At the start of the hearing Mr Hames QC applied for permission to withdraw ground A in relation to the judge’s decision to hold a remote hearing. I granted permission as the matters advanced in the skeleton had by then been superseded by authoritative guidance from the Court of Appeal on remote hearings. That guidance amply justified the decision to hold a remote hearing.

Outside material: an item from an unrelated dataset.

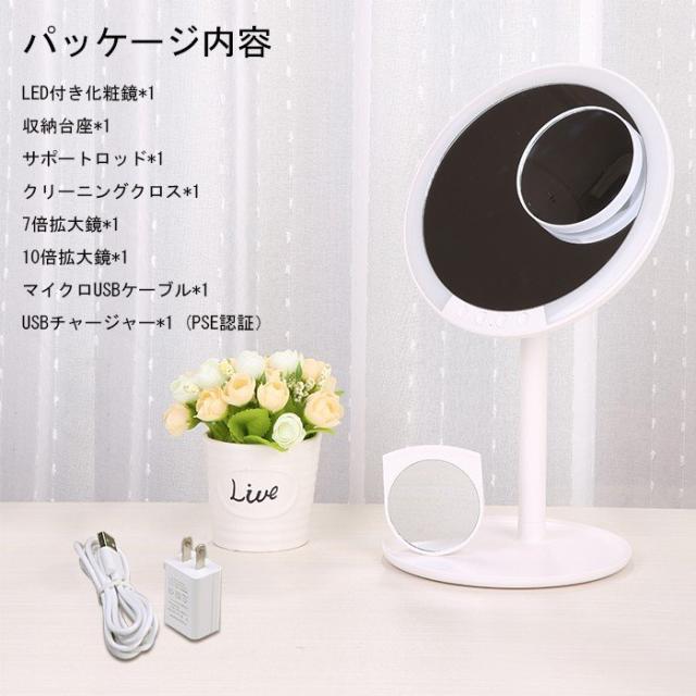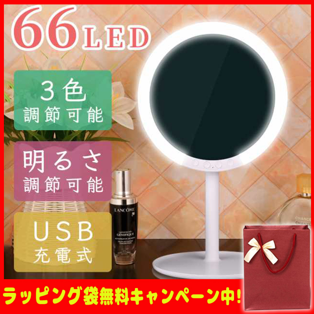 「クーポン配布中」「即納」「無料ブレゼント袋」卓上ミラー LED 卓上ミラー ライト付き 女優ミラー 卓上 化粧鏡 スタンドミラー 卓上 女優ミラー ライト 明るさ調節可 3色調節可 7倍10倍拡大鏡付 66LED 120°回転可能 USB給電式 高級品 母の日 バレンタイン プレゼント

Mr Hames QC also made an application to adduce fresh evidence which was not before the judge. That evidence addressed the political situation in Hong Kong, it being a part of the father’s case that unrest and political instability rendered Hong Kong an unsuitable place for the children’s relocation. The evidence he sought to adduce was (i) a report deposited in Parliament on 11 June 2020 which analysed a number of incidents in Hong Kong, all of which had been reported in the press at the time they took place; (ii) a statement to Parliament made by the Secretary of State for Foreign and Commonwealth Affairs on 20 July 2020 which concerned the attitude of the United Kingdom Government to recent events in Hong Kong; and (iii) an article by the Prime Minister published in the Times on 3 June 2020 concerning the United Kingdom’s ties of friendship and history with Hong Kong. Additionally, extracts from the United Kingdom Government’s website as to travel to Hong Kong during the Covid-19 pandemic and an extract from the website of the Government of the Hong Kong Special Administrative Region concerning travel into Hong Kong were also provided. The father submitted that the travel guidance was unclear as to whether the mother and the children would be required to quarantine in a hotel on entry to Hong Kong or if his ability to travel to Hong Kong to see the children might be impaired by reason of quarantine restrictions.
The mother opposed the application to adduce fresh evidence as the father had made clear to the judge in his written and oral evidence his reliance on an uncertain political situation in Hong Kong. She provided evidence in rebuttal showing that, as Chinese citizens born in Hong Kong, she and the father would be allowed entry to Hong Kong as would the children irrespective of Covid-19 restrictions for other nationalities.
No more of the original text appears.